* **Exercise data**
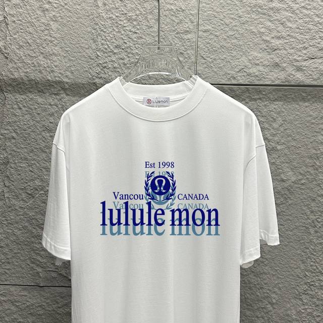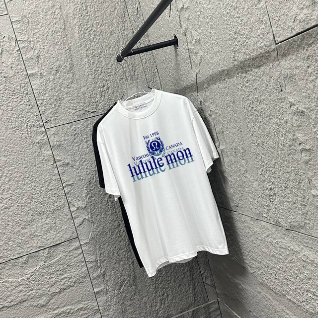 Lulu*Lemon*Lulu 2025 spring and summer new short-sleeved T-shirt classic overlapping letter printing custom double yarn plain cotton 300 fabric unisex same style
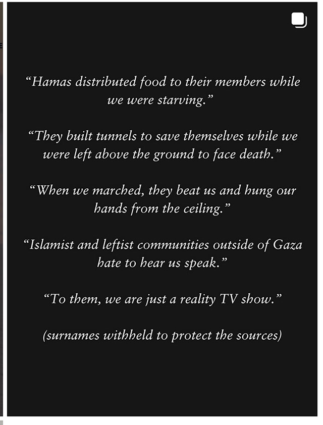 Howidy continues to lament the Arab public’s lack of interest in the political situation in Gaza. Like many people in Gaza, he criticized Al Jazeera’s coverage, which in the beginning ignored the recent protests in Gaza in the summer of 2025 against Hamas rule and soon reinterpreted them as protests against Israel because they clearly did not fit its own political agenda. “Suddenly, Al Jazeera stopped reporting on Gaza. (And now they’re silencing us by putting words in our mouths). Al Jazeera and other ‘pro-Palestine’ media networks are betraying the Palestinians and protecting the regime oppressing them”, he wrote on his Instagram account. Howidy then took on the job that Arab media outlets did not want to do. He gave a voice to people from Gaza who expressed their frustration with Hamas rule, but also with the international protests against the Gaza war: “Hamas distributed food to their members while we were starving.” – “They built tunnels to save themselves while we were left above the ground to face death.” – “Islamist and leftist communities outside of Gaza hate to hear us speak.” – “To them, we are just a reality show.”
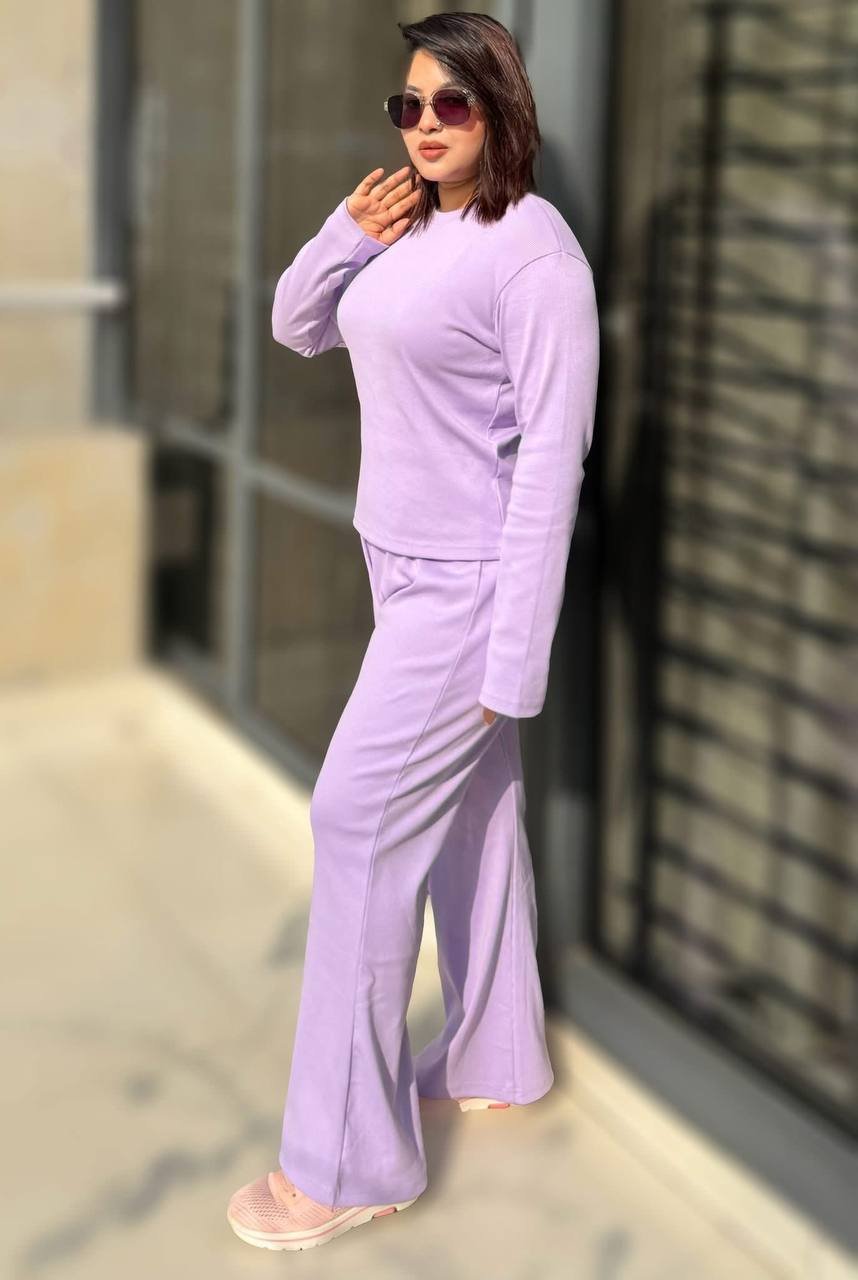 • Set Includes: One long-sleeve crewneck top and one pair of wide-leg flare pants.

* **Required action**
Your copy of the data above should match it exactly, apart from the images.

* **Answer section**
 Lulu*Lemon*Lulu 2025 spring and summer new short-sleeved T-shirt classic overlapping letter printing custom double yarn plain cotton 300 fabric unisex same style
 Howidy continues to lament the Arab public’s lack of interest in the political situation in Gaza. Like many people in Gaza, he criticized Al Jazeera’s coverage, which in the beginning ignored the recent protests in Gaza in the summer of 2025 against Hamas rule and soon reinterpreted them as protests against Israel because they clearly did not fit its own political agenda. “Suddenly, Al Jazeera stopped reporting on Gaza. (And now they’re silencing us by putting words in our mouths). Al Jazeera and other ‘pro-Palestine’ media networks are betraying the Palestinians and protecting the regime oppressing them”, he wrote on his Instagram account. Howidy then took on the job that Arab media outlets did not want to do. He gave a voice to people from Gaza who expressed their frustration with Hamas rule, but also with the international protests against the Gaza war: “Hamas distributed food to their members while we were starving.” – “They built tunnels to save themselves while we were left above the ground to face death.” – “Islamist and leftist communities outside of Gaza hate to hear us speak.” – “To them, we are just a reality show.”
 • Set Includes: One long-sleeve crewneck top and one pair of wide-leg flare pants.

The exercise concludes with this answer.